The only way around them is to find a courier... but they don't always do letters oh and regular joes cant get an account with them either. I've tried as a small business! They require a certain amount of items posted per week. 

I vote the gun method.... do you wanna come and fix my problems with your gun too??? Have some bush turkeys and customers you could attend to


----------



## Wrightpython (May 21, 2012)

Simple fix take the bloke a carton of beer introduce yourself have a chat and who knows by next week you could get all your mail on time and have a new bestie. either that or threaten to jump in bed with his missus next time hes out on his run unless you start getting service asap.


----------



## vampstorso (May 21, 2012)

Hahahaha this sucks but how hilariously petty of him! 


Surprising Auspost isn't showing concern to your situation, as normally I find them really good.


----------



## richardsc (May 21, 2012)

i wouldnt mess with australiapost,they are the largest bikie gang in australia,they have clubs aussie wide,lol

the people delivering stuff are often contracted by aussie post,if they cant be stuffed walking to your door they leave those cards,i used to cop it with cricket and roach deliveries,i paid express post , 
first 2 came to door,then 3 or 4 deliveries i got the pick up card,so went down and asked,got some blab that we are outside the zone where they have to bring to the door,next 5 or 6 deliveries came to door again though,then after that it was pick up more often than bring to door

when my daughter was born, i couldnt get down to pick them up,after 2 days of chirping crickets they started ringing me to come pick them up,lol,next few weeks after that they were dropped off at the door again,rofl


----------



## Venomous1111 (May 21, 2012)

richardsc said:


> i wouldnt mess with australiapost,they are the largest bikie gang in australia,they have clubs aussie wide,lol



hahaha no need for a 1200cc to join just a 110cc and strictly no clutch. My local chapter are vicious on the walking paths.


----------



## Rocky (May 21, 2012)

oOLaurenOo said:


> Just rock up at the post office, demand your parcel, and then casually ask if your gun licence has arrived yet. That might smarten them up a bit



Love it!



Manda1032 said:


> It's all contracted out now so NO ONE is held accountable for anything anymore. The store is contracted to one person, the postal routes for surface mail are contracted for each area /route and the parcel delivery is ANOTHER contractor. Some area's have up to 10 contractors working there.



Any ideas how I could find out the contact details of these contractors?



Wrightpython said:


> Simple fix take the bloke a carton of beer introduce yourself have a chat and who knows by next week you could get all your mail on time and have a new bestie. either that or threaten to jump in bed with his missus next time hes out on his run unless you start getting service asap.

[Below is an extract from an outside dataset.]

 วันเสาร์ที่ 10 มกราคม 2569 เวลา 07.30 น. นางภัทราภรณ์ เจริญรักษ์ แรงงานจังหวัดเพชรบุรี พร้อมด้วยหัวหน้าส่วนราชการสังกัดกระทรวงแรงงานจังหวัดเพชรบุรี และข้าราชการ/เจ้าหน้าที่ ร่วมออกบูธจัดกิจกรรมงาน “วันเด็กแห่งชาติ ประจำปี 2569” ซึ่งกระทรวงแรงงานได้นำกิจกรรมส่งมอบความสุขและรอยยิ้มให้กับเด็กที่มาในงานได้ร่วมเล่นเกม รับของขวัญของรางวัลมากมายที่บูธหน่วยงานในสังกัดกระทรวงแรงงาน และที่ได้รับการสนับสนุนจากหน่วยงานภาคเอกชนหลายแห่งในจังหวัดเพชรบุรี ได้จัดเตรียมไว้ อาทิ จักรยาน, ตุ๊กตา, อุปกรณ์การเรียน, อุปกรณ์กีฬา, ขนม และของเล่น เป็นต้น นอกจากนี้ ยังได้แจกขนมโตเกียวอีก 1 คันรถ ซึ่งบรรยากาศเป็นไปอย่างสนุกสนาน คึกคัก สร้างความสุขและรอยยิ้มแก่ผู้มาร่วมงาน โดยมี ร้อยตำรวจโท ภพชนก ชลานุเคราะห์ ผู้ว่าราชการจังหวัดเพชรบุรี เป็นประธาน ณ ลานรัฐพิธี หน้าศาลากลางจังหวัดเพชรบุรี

Hahahahahaha what a great suggestion. I will take this into consideration.



vampstorso said:


> Hahahaha this sucks but how hilariously petty of him!
> 
> 
> Surprising Auspost isn't showing concern to your situation, as normally I find them really good.

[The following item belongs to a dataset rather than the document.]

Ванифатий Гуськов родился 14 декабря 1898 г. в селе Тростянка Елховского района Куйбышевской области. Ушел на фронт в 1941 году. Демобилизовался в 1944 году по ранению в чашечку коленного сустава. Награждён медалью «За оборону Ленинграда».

I'm also surprised, I've never had troubles with them in the past. I think it's just a lack of education out here.



richardsc said:


> i wouldnt mess with australiapost,they are the largest bikie gang in australia,they have clubs aussie wide,lol



I'm a big bloke, I can handle myself  and hey, by the rate the bikies are going they can't even shoot a bullet straight, so I'm not worried. Haha.


----------



## Ramsayi (May 21, 2012)

3 bearded dragons delivered by Aus Post? :facepalm:


----------



## richardsc (May 21, 2012)

the most serious threats ive ever had are from australia post,when the dogchases them,have to take them serious to,as there club motto is WE DELIVER


mind u,alot of stuff does go missing,weoften get other peoples mail to


----------



## Grogshla (May 21, 2012)

australia post is pathetic


----------



## Fantazmic (May 21, 2012)

I never trust them...all my progress reports that I send to PSYBA I always send as registered post....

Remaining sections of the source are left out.